Handheld ultrasound monitors are essential pieces of equipment for the accurate placement of advanced nerve blocks — and they aren’t cheap. Each monitor costs about $60,000 and each probe is $15,000, says Nadia Hernandez, MD, an associate professor of anesthesiology and director of regional anesthesia and perioperative ultrasound at McGovern Medical School in Houston. However, some models that employ semi-conductor technology instead of pixel electronics can be purchased for as little as $2,000, which obviously could increase the use of regional anesthesia at smaller ASCs. The images aren’t as crisp as the ones generated by the more expensive monitors, but work well for many procedures.

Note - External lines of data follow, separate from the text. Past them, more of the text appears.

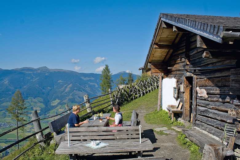 Oben am Grat schlängelt sich der Alexander-Enzinger-Weg zur Krefelder Hütte am Fuße des Kitzsteinhorns, der auch gleichzeitig Teil des Arnoweges ist. Doch wer einmal auf den uralten Bänken und an den ebenso alten Tischen gesessen ist, den Duft von Käse, Kräutern und Kühen eingeatmet hat, wo die einzige Geräuschkulisse vom Gesumme der Insekten in den Almwiesen, dem Rauschen der Gebirgsbäche und den Kuhglocken stammt, der möchte eigentlich gar nicht mehr weiter. Und wenn doch, dann kommt man wieder. Auch wegen des herrlichen Ausblicks, um den man die Kühe beneiden muss. Almidylle pur.
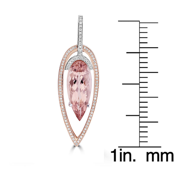 Garner attention where ever you go with this stunning pendant/necklace it showcases a stunning pear shape Morganite 12.85cts (1) and is adorned by 0.55cts of dazzling round brilliant cut diamonds. Hangs beautifully from a 16 inch white gold chain.
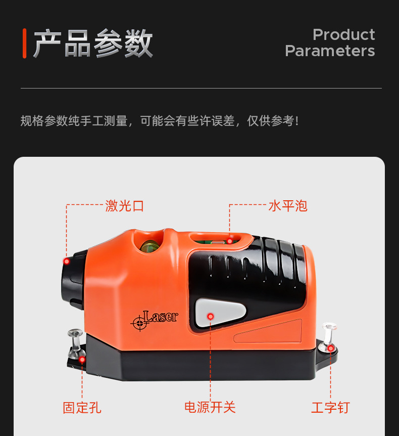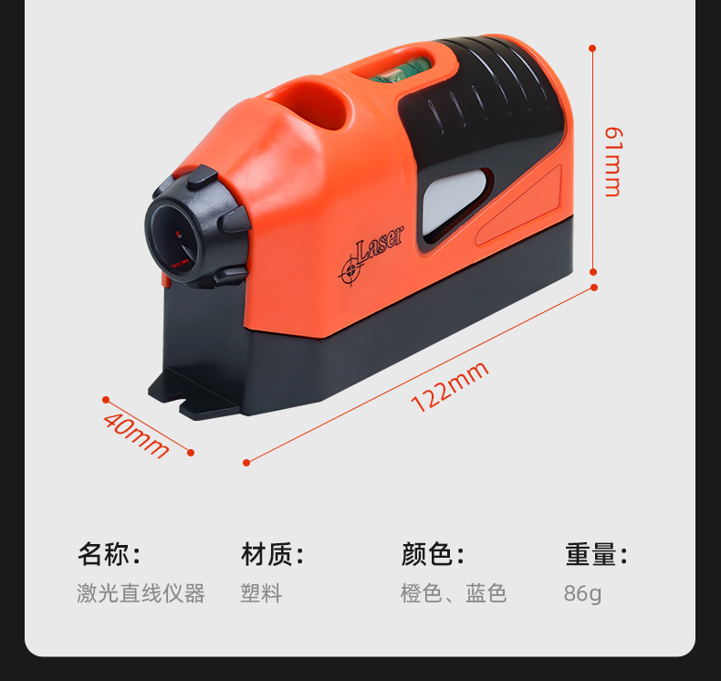| Modelo | Naranja [mini láser de cableado], nivel de ratón, nivel de ratón + soporte |
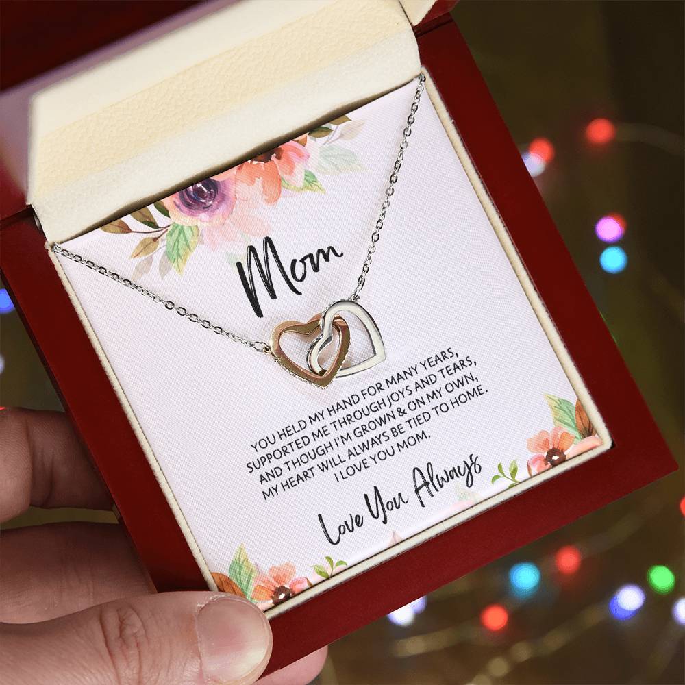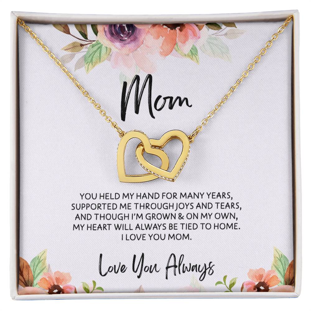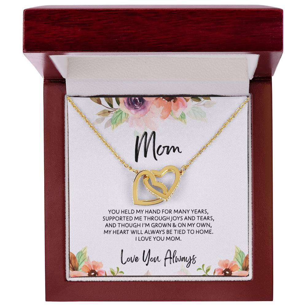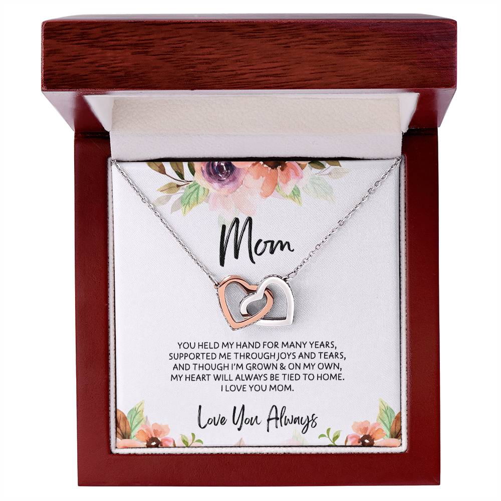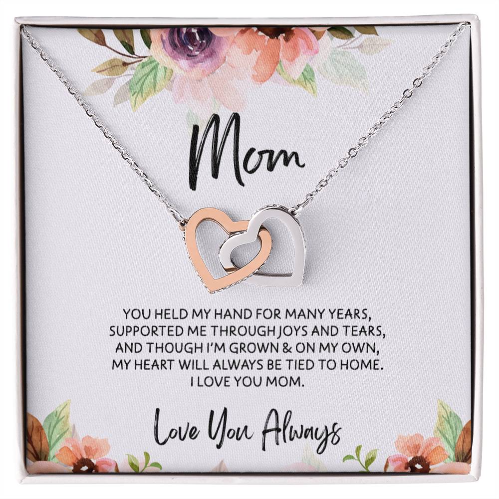 To Mom - Mother's Day Necklace - “My Heart Will Always Be Tied to Home” - Interlocking Hearts Necklace Gift Set - Design Light 6.2
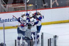 Early into the second Jillian McLaughlin (Oceanside, Calif.) created separation in the high slot, carrying the puck in tight unmarked. She caught the goalie sprawled out, but the shot trickled wide. With 15:07 remaining in the second, Sloane Hartmetz (Phoenixville, Pa.) knotted the game at 1-1, fooling the goaltender on a fake pass from just inside the faceoff dot.

Block practitioners should have three types of modern portable ultrasound systems that provide the resolution and processing power suitable for performing regional anesthesia. Edward R. Mariano, MD, MAS, FASA, a professor of anesthesiology and perioperative and pain medicine at Stanford (Calif.) University School of Medicine, suggests having at least the following three different transducers or systems: 

  • A high-frequency linear transducer for commonly placed blocks that provides the best imaging for superficial structures. 
  • A large-footprint curvilinear transducer that has a lower resolution, which works for deeper procedures such as sciatic nerve blocks, neuraxial blocks, paravertebral blocks and spinal epidurals.
  • A curvilinear transducer with a very small footprint, which has a medium resolution, for performing infraclavicular brachial plexus blocks before distal upper-extremity surgeries.   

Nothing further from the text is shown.